The key, according to Johnson, Hill, and Cooper, lies in a simple fact. Macaques have spacious pouches built into their cheeks. Johnson et al. apply some logic. ‘We suggest’, they write, ‘that the tendency to hoard food in their cheek pouches explains why they reingested the vomit.’
The study concludes with a modest statement: ‘Our data offer insight into a normal, but largely ignored, behavior of cercopithecines.’
Johnson, Elizabeth C., Eric Hill, and Matthew A. Cooper (2007). ‘Vomiting in Wild Bonnet Macaques.’ International Journal of Primatology 28 (1): 245–56.
Four
Behave Yourself
(Or Don’t)
In Brief
‘I’m Waiting for the Band: Protraction and Provocation at Rock Concerts’
by Richard Witts (published in Popular Music, 2005)
Some of what’s in this chapter: Sheep personality profiling • Spaced out on the beach, measurably • Seating in cinemas, handedly (in Bulgaria)
• Booing at bigshots • Looking at liars, internationally • Punks and accountants • Clowns of a ministerial turn • Racial cheese profiling • Watching people watch their laundry • Naked in the library • A toilet dilemma • Oscillating, as one will do • Noise-making among the elderly • Chewing delicious food • Chewing distasteful food
Cling Boldly, Sheep
To know – rather than guess – why certain sheep cling to each other while others split off on their own, a person would need to know the size of the group, and also know something about the personalities of the individual sheep. Scientists at the Macaulay Institute in Craigiebuckler, Aberdeen, Scotland, sought this very knowledge when they looked at the loiterings of sheep.
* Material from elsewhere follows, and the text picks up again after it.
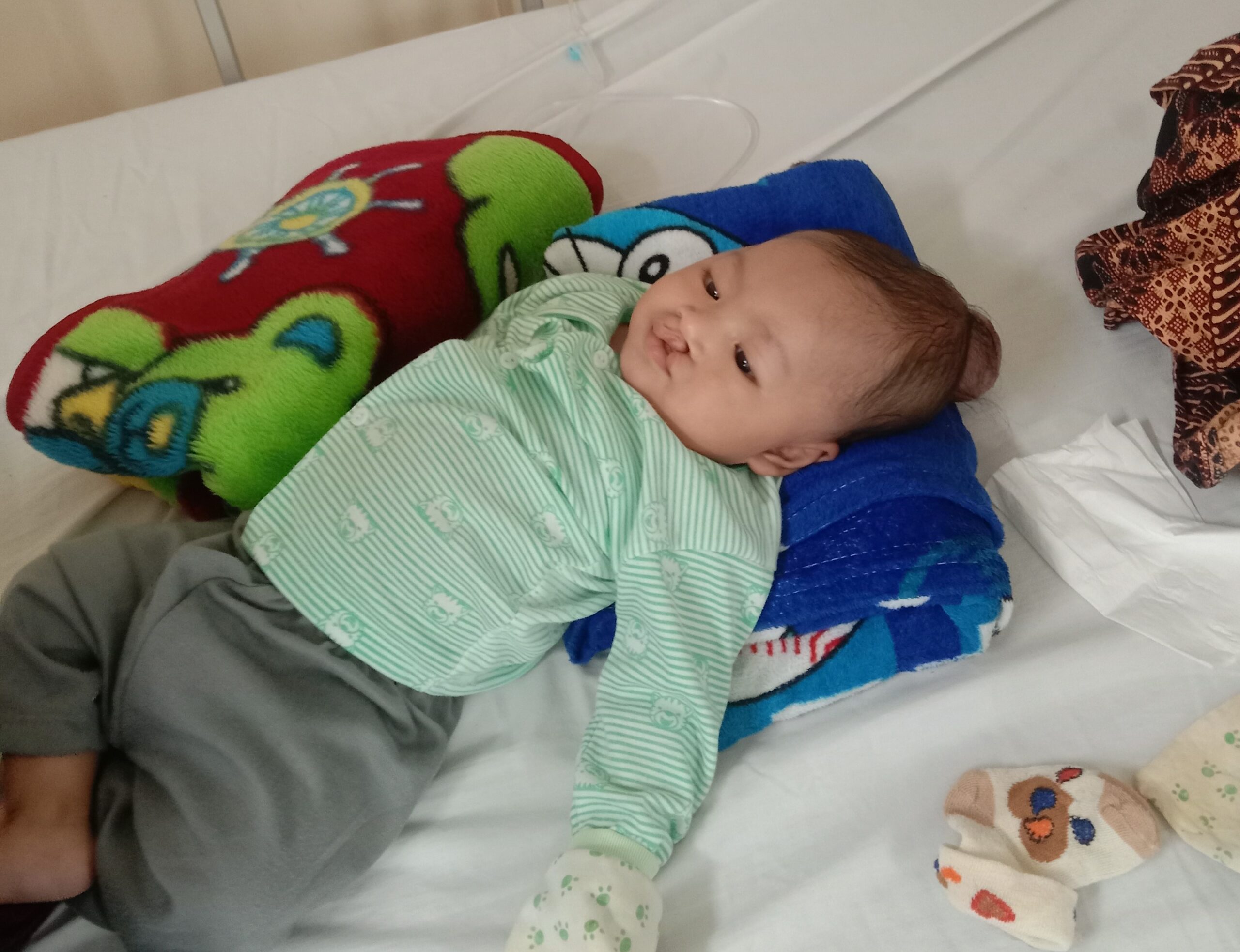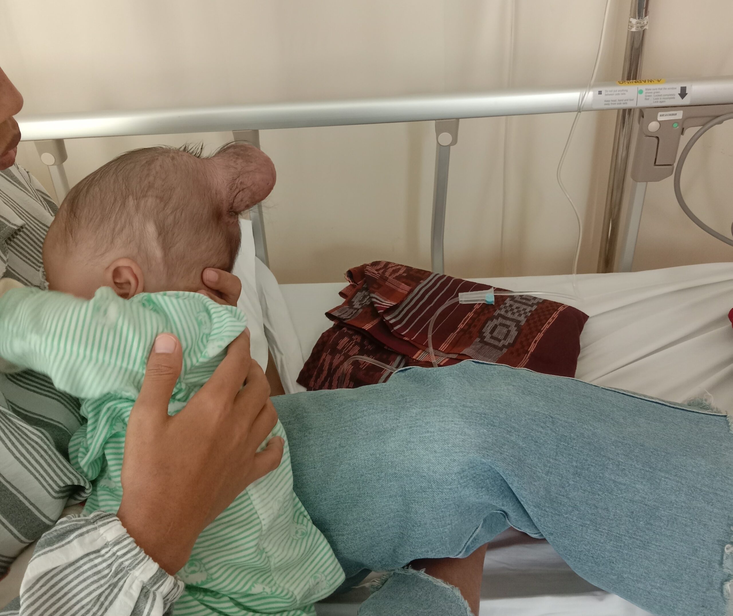 Adik Noval menangis setiap saat menahan sakit. Bayi berusia 4 bulan ini belum pernah merasakan sehat sejak lahir. Dia mengalami kelainan, timbul benjolan di belakang kepala sebesar telur puyuh.

Pablo Michelena, Angela Sibbald, Hans Erhard, and James McLeod (the names of the scientists, not the sheep) wrote up their adventure in a study called ‘Effects of Group Size and Personality on Social Foraging: The Distribution of Sheep Across Patches’. It appeared in 2009 in the journal Behavioral Ecology.
The four scientists observed the meanderings of fifty-eight female Scottish Blackface sheep in tasty green fields, under tightly controlled conditions. Before letting the sheep loiter, the researchers gave each of them a personality test, noting which sheep were bold enough to explore objects with novel smells (lavender, mint, thyme, marjoram, garlic, or coffee) and exotic shapes (a baby’s rattle, a bottle brush, and various baby’s teething rings).
Then they let the sheep loose, in groups of two, four, six, or eight, to graze in grassy arenas. Each arena had some patches of especially desirable (in the scientists’ educated opinion) greenery. That extra-yummy fodder, sprung from extra-fertilized soil, and was allowed to grow especially long so as to be extra-noticeable to the sheep.